Evidence of just how much we can know something in our muscles is most apparent by contrast. At first glance it might not seem like that waitress is doing anything special, but as soon as you try to pick up those 5 plates and whisk them off the table the way she did, you realize it takes significant skill. Watching dads play with their daughters and try to put the clothes on Barbie, it’s instantly evident that this is not what dad does all day. He is awkward and slow and has to think about how in the world to get that rigid plastic hand through the tiny arm hole. When you compare someone who has the advantage of muscle memory to someone doing that same task for the first time, it is indisputable that our muscles have a mind of their own, that they have constant access to an inventory of finesse.
For me, observing muscle memory, the deep ingraining of motion into ones nervous system, is the most impressive aspect of travel.
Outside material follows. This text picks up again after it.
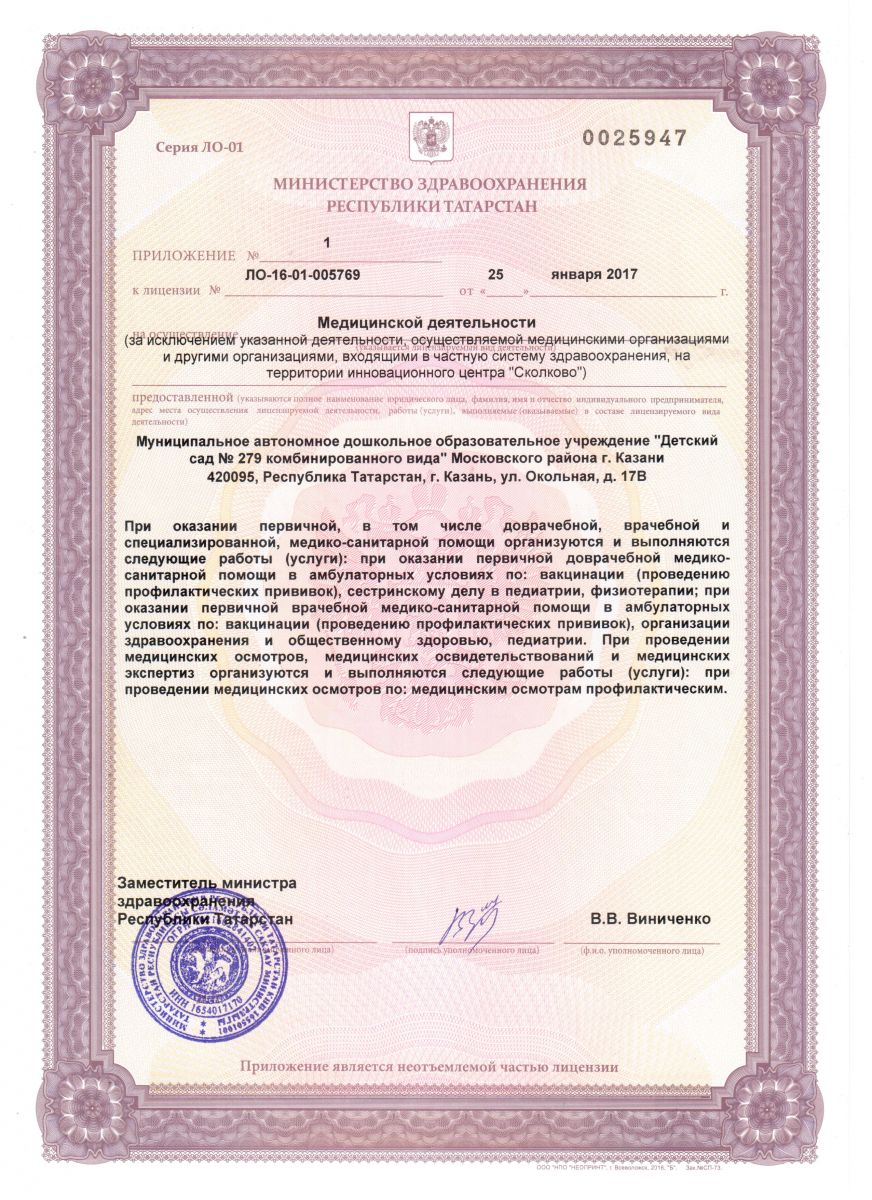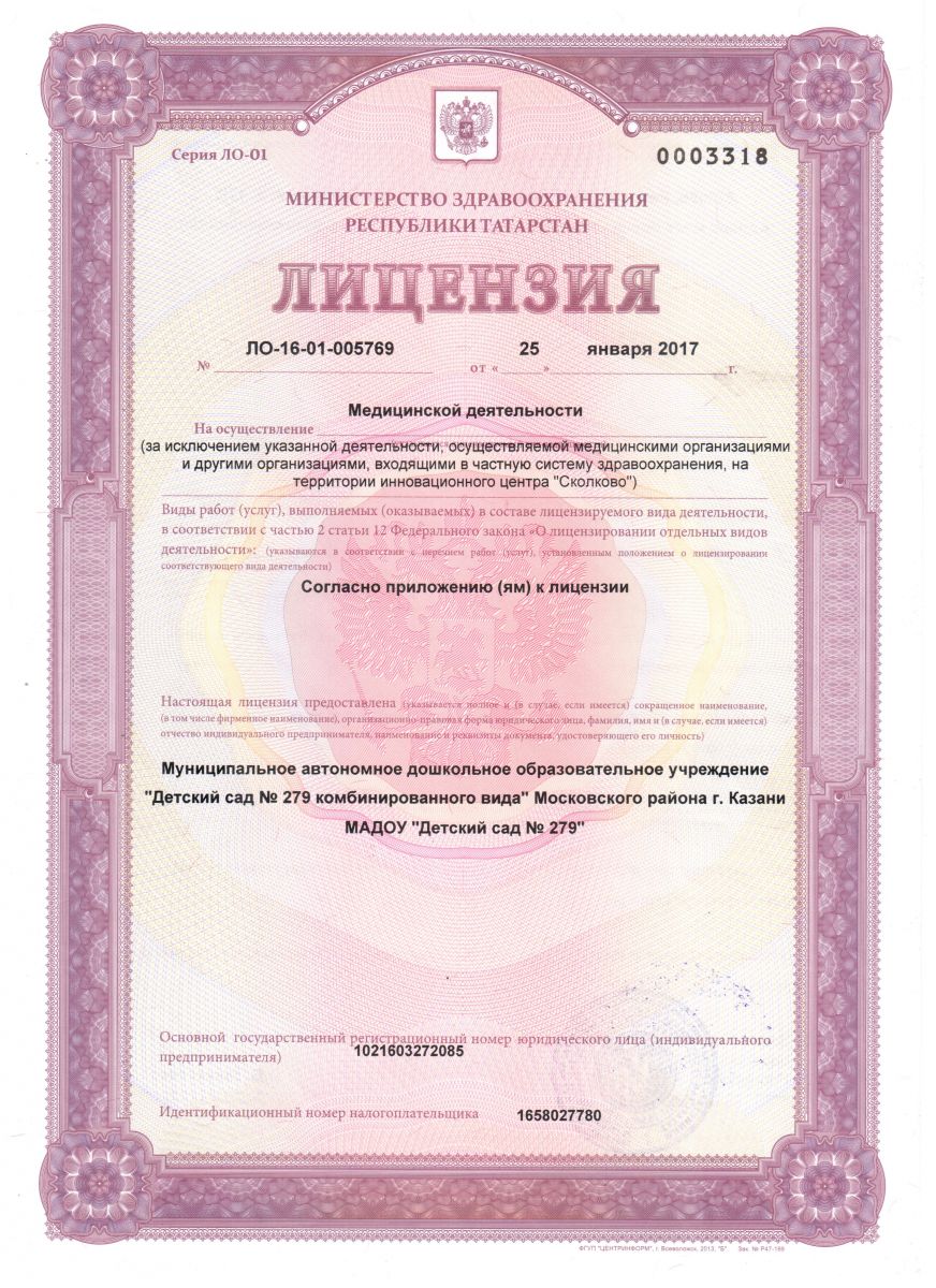 Лицензия на осуществление медицинской деятельности в МАДОУ 279

Watching Costa Rican grandmothers make tortillas is as stunning as watching ballerinas pirouette; both exercise the art of knowing a movement so completely and so perfectly as to execute it immaculately every time. In theory picking coffee is simple and easy, you pull a ripe berry off a branch. But I’ve watched lifelong pickers in action, and what they are doing is not simple; it is an individual art particular to cultures that cultivate coffee. Every picker has his or her certain way to manipulate the branches, to use every finger, armpit, chin, shoulder to navigate the tree and remove the fruit as efficiently as possible. This is not something you learn in a day. And it is anything but easy.
People can dress up in different clothes and adopt new accents, but muscle memory doesn’t lie, and our movements will always communicate what we’re still learning and what we really, truly, know.